De gemeente komt deze ondernemers tegemoet met minder en gecombineerde controles.

De burgemeester streeft er bovendien naar om ook met verleiden/stimuleren zodanig gedrag bij ondernemers te bevorderen dat zij meer doen dan waartoe zij wettelijk verplicht zijn. Zie ook Parel aan Zee + Structuurvisie 2025 en Toekomstvisie 2040 over stimuleren ondernemers.

Verantwoordelijkheid geven en nemen

De gemeente geeft met minder beleid en regels inwoners en ondernemers het vertrouwen dat zij zelf hun verantwoordelijkheid nemen. Dit kan bijvoorbeeld gebeuren door het maken van afspraken, zaken onderling regelen en oplossen en elkaar aanspreken op ongewenst gedrag.

Een voorbeeld is de “Werkgroep Haltestraat en omgeving”. Deze werkgroep bestaat uit inwoners, ondernemers, politie en gemeentelijke handhavers.
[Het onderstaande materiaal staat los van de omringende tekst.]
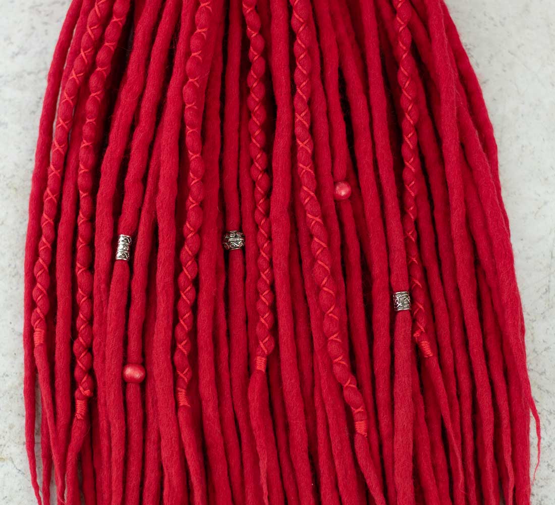 Our Poppy red wool dreads are designed for a standout look! Made from 100% natural wool, these dreadlocks offer a lightweight and breathable texture that's perfect for all-day wear. Wool is a fantastic material for dreadlock extensions due to its natural softness, durability and easy styling. Your hair extensions will stay voluminous and vibrant without being too heavy on your scalp.

De gemeente zit vergaderingen voor, zorgt voor vergaderruimtes, secretariële werkzaamheden en versnelde (vergunning)procedures.

Zie ook de nota Samen naar een veiliger Zandvoort (Integraal Veiligheidsplan). Hier wordt aandacht besteed aan een gedeelde verantwoordelijkheid van zowel inwoners als ondernemers.

Alle nota’s en verordeningen van de gemeente Zandvoort zijn te vinden op www.overheid.nl (lokale wet- en regelgeving).

Voorkomend/begeleidend handhaven

Bij eigen verantwoordelijkheid van inwoners en ondernemers passen andere vormen van handhaving en/of een andere werkwijze namelijk meer voorkomend en begeleidend. Handhavers geven informatie en aanwijzingen aan publiek en ondernemers zodat de uitgaansavond prettig en zonder incidenten verloopt. Als er overtredingen worden geconstateerd dan wordt dit aan de burgemeester gemeld.

Bij overlast (muziekgeluid vanuit een horeca-inrichting) kan 24/7 de gemeentelijke meldlijn worden gebeld. Via een keuzemenu krijgt de beller een piketmedewerker aan de lijn die afhankelijk van de omstandigheden ter plaatse (buiten/binnen) metingen komt verrichten. Doel: Objectief vaststellen of de (geluid)norm wordt overschreden. Bij overschrijding vindt handhaving plaats op basis van deel 2.

1.3 HANDHAVEN ALS STOK ACHTER DE DEUR

Soms kan de gemeente met de inzet van de genoemde activiteiten plezierig uitgaan niet bevorderen en/of de overige doelstellingen van paragraaf 1.1 realiseren. De burgemeester/namens college maakt dan gebruik maakt van zijn handhavingsmiddelen. Welke dat zijn wordt in deel 2 uiteengezet.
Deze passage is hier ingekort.